Background: Free-standing carbon nanomembranes (CNM) with molecular thickness and macroscopic size are fascinating objects both for fundamental reasons and for applications in nanotechnology. Although being made from simple and identical precursors their internal structure is not fully known and hard to simulate due to the large system size that is necessary to draw definite conclusions.

Results: We performed large-scale classical molecular dynamics investigations of biphenyl-based carbon nanomembranes. We show that one-dimensional graphene-like stripes constitute a highly symmetric quasi one-dimensional energetically favorable ground state. This state does not cross-link. Instead cross-linked structures are formed from highly excited precursors with a sufficient amount of broken phenyls.

Conclusion: The internal structure of the CNM is very likely described by a disordered metastable state which is formed in the energetic initial process of electron irradiation and depends on the process of relaxation into the sheet phase.

Introduction

Freestanding carbon nanomembranes are produced from molecular precursors such as biphenylthiols (BPT). The precursors self-assemble in monolayers on gold surfaces and are then polymerized by irradiation with electrons [1-3]. The product is a membrane, whose thickness, homogeneity and surface chemistry are related to the molecular precursor. So far several classes of precursors have been exploited [3]. One of the major unsolved questions is the internal structure of these membranes, since the structure cannot be determined by X-ray diffraction. In [4] quantum chemical calculations were performed for various dimers of biphenyls, which left open how the precursor molecules interlink laterally. A first small-scale quantum calculation (using ARGUS Lab) of a two-dimensional cutout of 6 by 5 biphenyls is reported in [5]. These calculations suggest that the regular structure of the precursor self-assembled monolayer (SAM) turns into a disordered sheet. Nevertheless, the simulations of the very small system do not allow definite conclusions about the structure of the extended sheet. On the other hand, the quantum mechanical simulation of extended systems even by means of density functional theory (DFT) has to assume a regular lattice and can treat only small unit cells [6-8]. Consequently, the resulting structure is also regular [8]. If one, as in the present case, can expect that the structure is irregular, i.e., a lattice structure as in solids cannot be assumed, a quantum mechanical simulation is virtually impossible.
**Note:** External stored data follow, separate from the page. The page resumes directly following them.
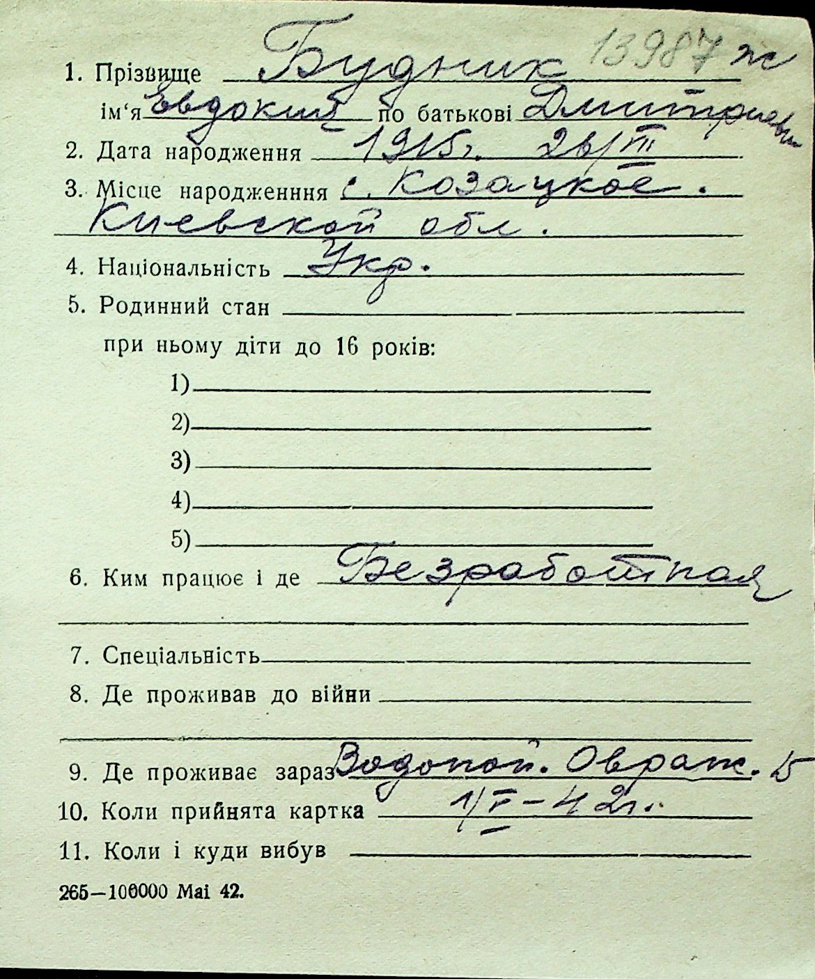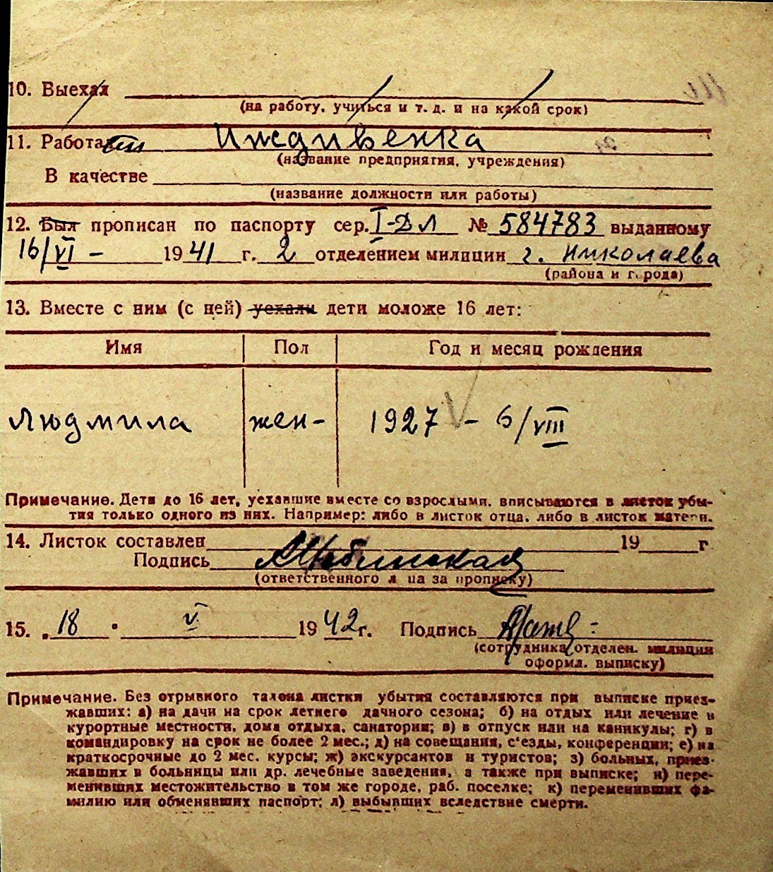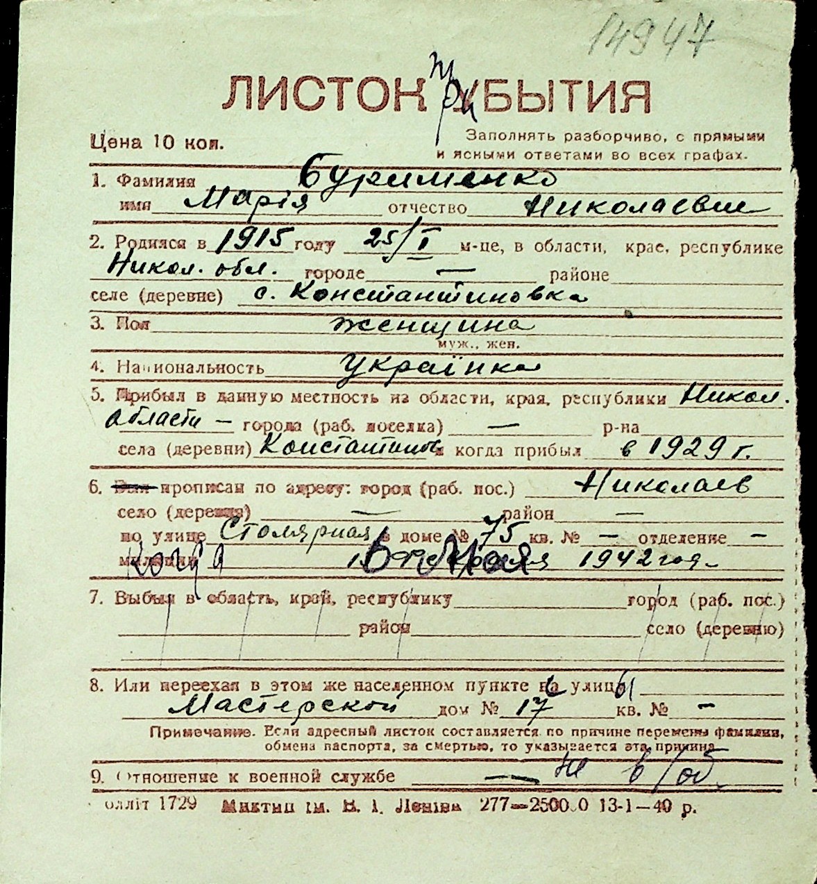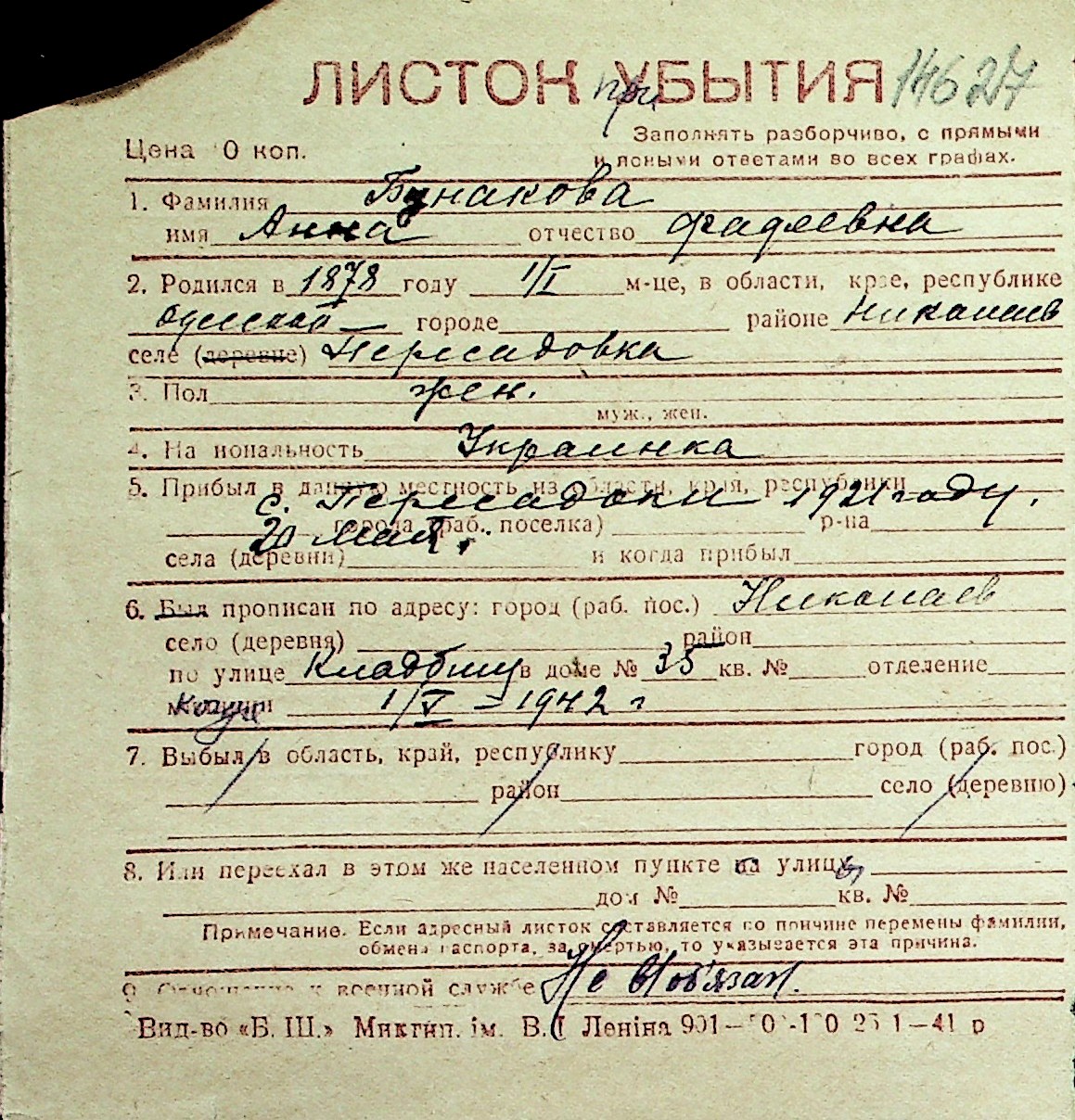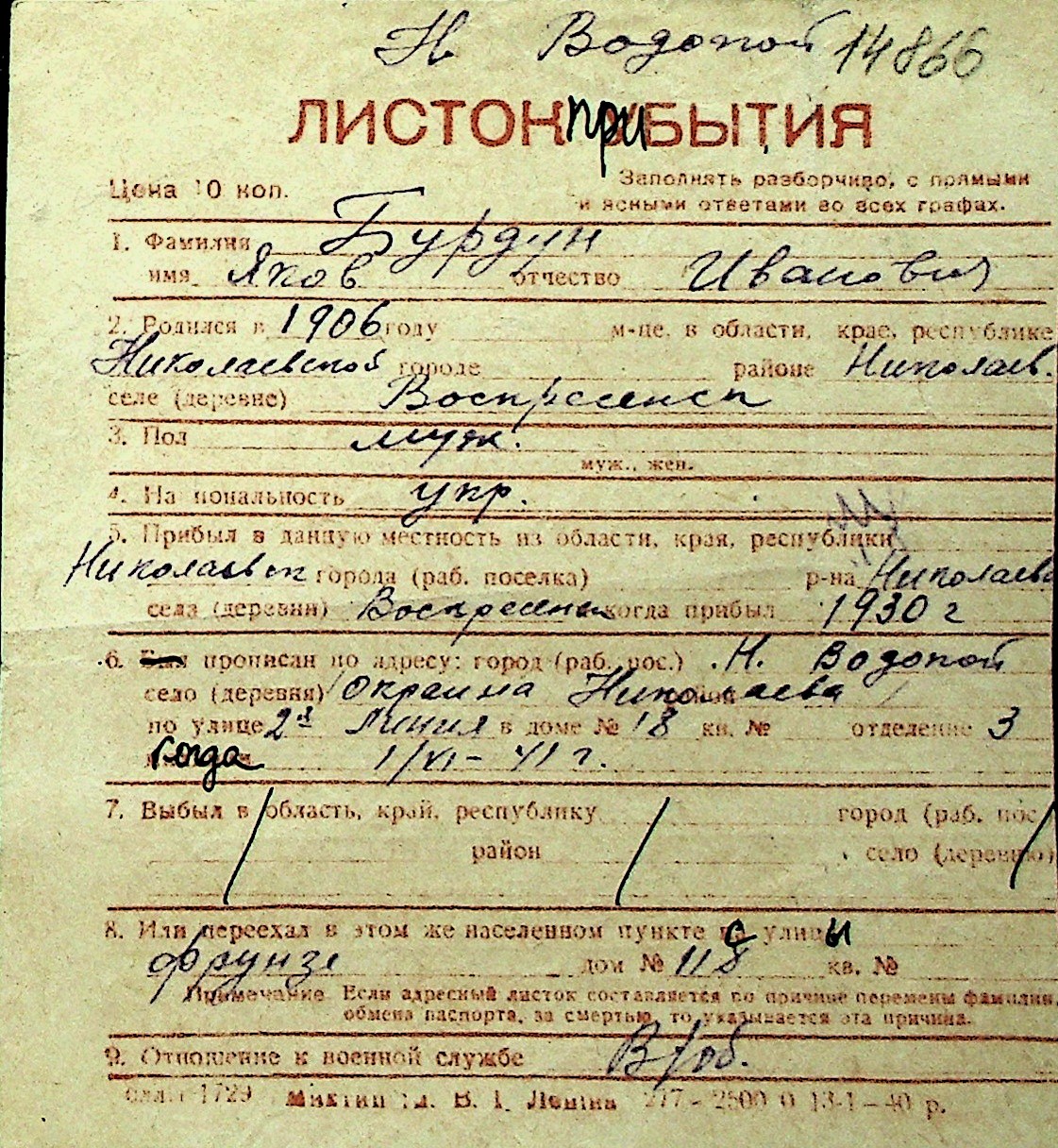 ◦ ◦ Перелік карток на осіб, які мешкали у м. Миколаїв у період окупації 1941–1944 років
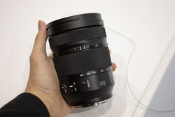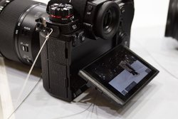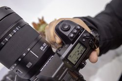 発表会の後には実際に製品を試すことができ、はじめに持った感想として、ボディの剛性感がしっかりと感じられた。グリップは少し浅めなものの、十分な本体サイズのおかげで大型のレンズを装着してもしっかりとホールドすることができた。本体重量やサイズ感の影響もあり、70-200mmのような大型のレンズであってもバランスが良く、非常に安定感があった。
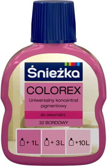 Колер SNIEZKA Colorex №32 бордовый 0,1 л – водная дисперсия пигментов с добавлением вспомогательных средств, которые также позволяют сочетать его с изделиями на основе растворителей. Концентрат предназначен для расцветки избранным цветом готовых водорастворимых красок и красок на основе растворителей: эмульсионных, масляно-фталевых, клеевых, нитроцелюлозних, хлоркаучуковых. Некоторые из имеющихся цветов можно применять вне помещений. Пигментный концентрат предназначен для расцветки эмульсионных, клеевых, масличных, фталевых, хлоркаучуковых и других красок. Добавлять в зависимости от желательного цвета, неболее чем 10% объему. Краситель с номерами 11, 12, 13, 20, 21, 22, 23, 32, 40, 41, 42, 44, 45, 50, 54 применяются только внутри помещений.
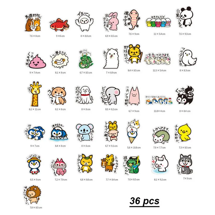 36 шт./компл. 5 ~ 12 см Kawaii Животные наклейки водонепроницаемые ПВХ граффити японские Мультяшные наклейки холодильник кувшин багаж для мобильного украшения
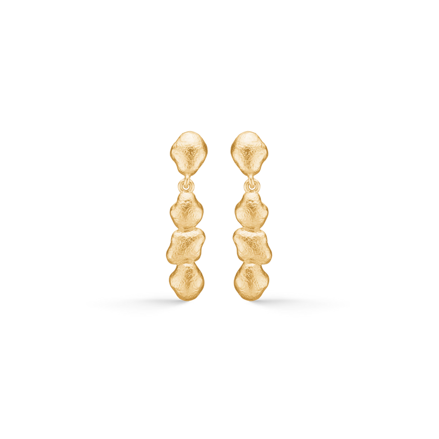 Lumi oorbellen in 925 sterling zilver met 18 kt. verguldsel. Geïnspireerd door vers gevallen sneeuw, brengt het ontwerp kleine organische vormen samen voor een elegante en rustige uitstraling. De matte textuur vangt het licht discreet op, terwijl de onderste schakel vrij beweegt en de look tot leven brengt. De oorbellen zijn 22 mm groot en kunnen alleen worden gedragen of samen met anderen worden gestyled voor een persoonlijke stapel.
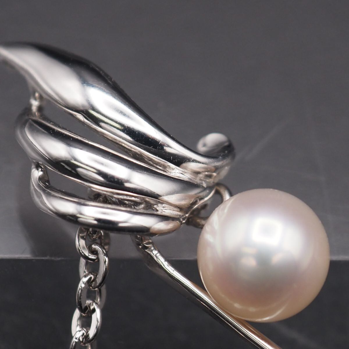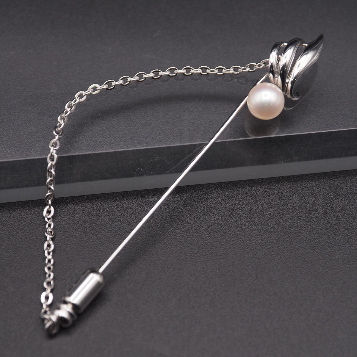 S741 本真珠 6.5mm珠 パール SILVER刻印 ピンブローチ デザイン シルバー ラペルピン コサージュ 6月誕生石
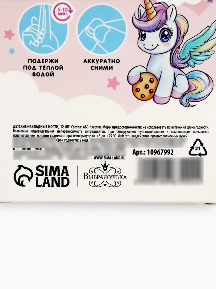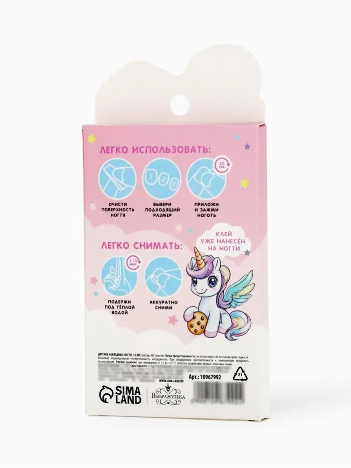 Детские накладные ногти «Единорожка», 12 шт.
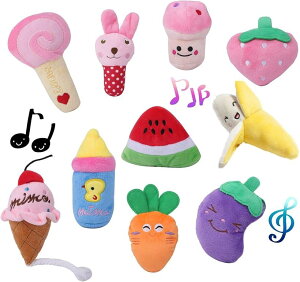 ・?音の出る犬おもちゃ 食べ物シリーズ+うさちゃんの10点セット・?「安全素材」子供用品と同等の品質基準の安全なコットン素材で作られた、生地が柔らかく、肌触りも抜群。子犬や、小型犬にお勧めできる大きさで...
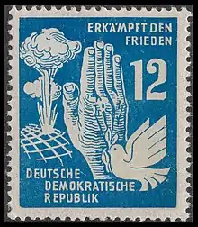 Au printemps de la même année, la colombe de Picasso est apposée sur tous les murs des villes d'Europe. Par la suite, le symbole sera abondamment utilisé dans la propagande du Mouvement de la paix, en particulier afin d'illustrer les affiches des congrès du Conseil mondial de la paix. La contre-propagande anticommuniste de l'officine Paix et Liberté détournera l'image de la colombe en la transformant en char d'assaut soviétique qu'elle nomme Paloma, mot qui signifie « colombe » en espagnol.
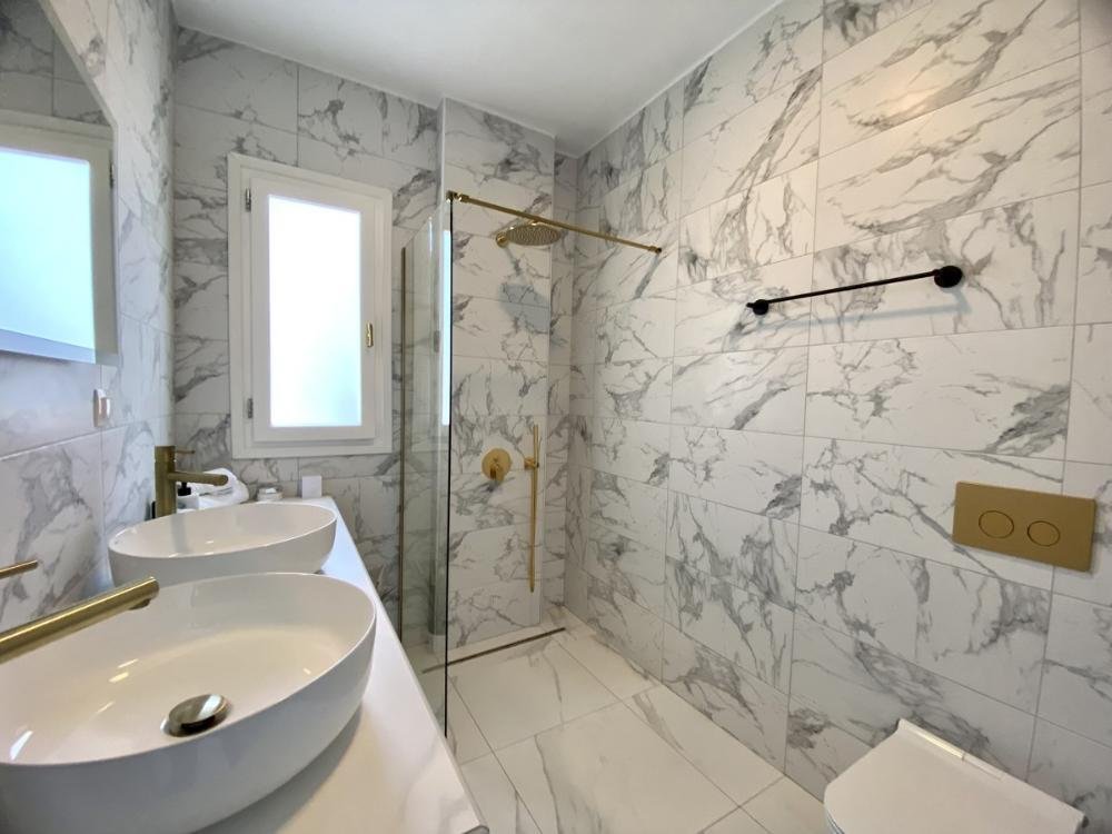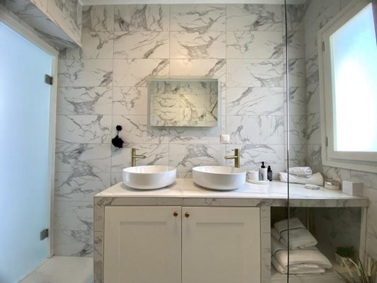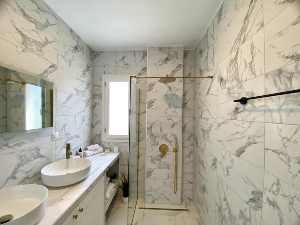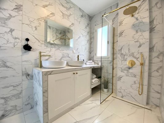 Die Master-Suite verfügt über ein großes Ankleidezimmer mit einer schönen freistehenden freistehenden Badewanne und Stauraum im Kleiderschrank. Durch einen Steinbogen betreten Sie das Schlafzimmer und wachen jeden Tag mit wunderschönem Meerblick auf. Durch die Terrassentüren und die Pergola gelangen Sie auf die große Dachterrasse und den Essbereich mit herrlichem Meer- und Bergblick. Das eigene Badezimmer verfügt über schöne Funktionen mit begehbarer Regendusche, Stauraum unter dem Waschbecken und Waschbecken für Sie und Ihn.
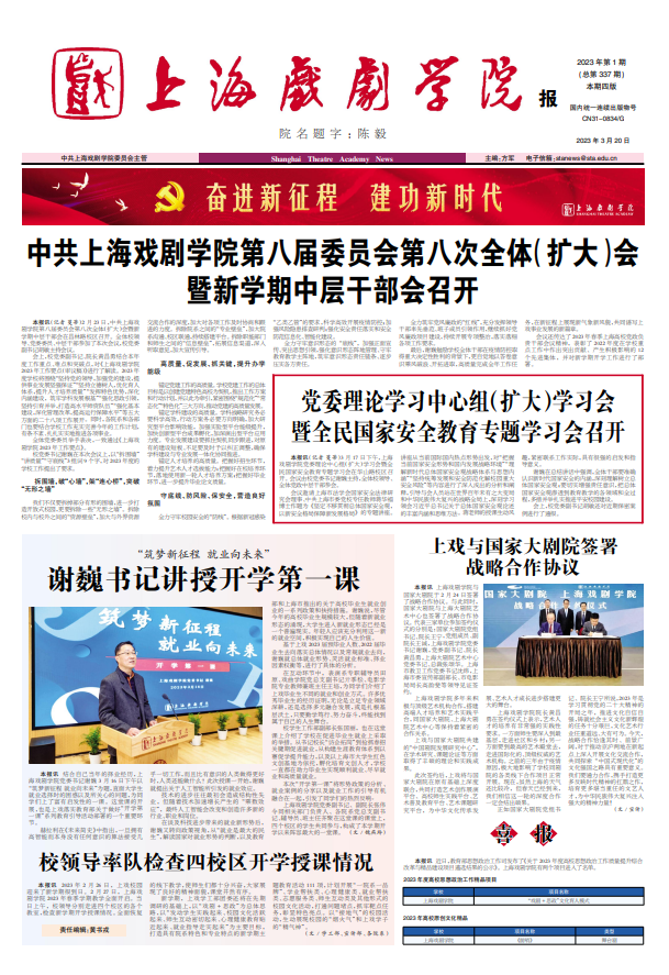 《上海戏剧学院报》2023年第1期(总第337期)已于2023年3月20日出版。重点内容有:《中共上海戏剧学院第八届委员会第八次全体(扩大)会暨新学期中层干部会召开》《党委理论学习中心组(扩大)学习会暨全民国家安全教育专题学习会召开》《“筑梦新征程 就业向未来” 谢巍书记讲授开学第一课》等。敬请关注,也可点击下载阅读。(文、编辑:榕树)
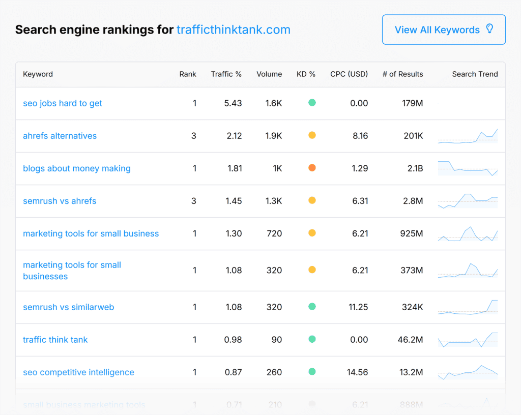 - Traffic %: The proportion of the site’s total traffic that keyword drives

In this article we therefore resort to classical molecular dynamics simulations, which allow to simulate up to several millions of carbon atoms. In order to account for the very flexible spn-binding modes of carbon we use the modern carbon–carbon potential of Nigel Marks [9], which has been demonstrated to be able to simulate extended carbon structures [10,11]. We focus our investigations on CNMs made from biphenylthiols. The simulation results of our energy minimizing procedure yield – depending on the initial state – a large variety of structures, among which a very regular one made of parallel graphene stripes has the lowest energy. Our hypothesis is, that in a realistic synthesis process such an idealized state is not reached, instead the system “freezes” into a metastable irregular configuration that is laterally linked through carbon bonds of broken phenyls. We show that such structures indeed form in our simulations. The article is organized as follows. In the next two sections we shortly repeat the essentials of our classical molecular dynamics simulations. The main section discusses the results and our interpretation. The article closes with an outlook.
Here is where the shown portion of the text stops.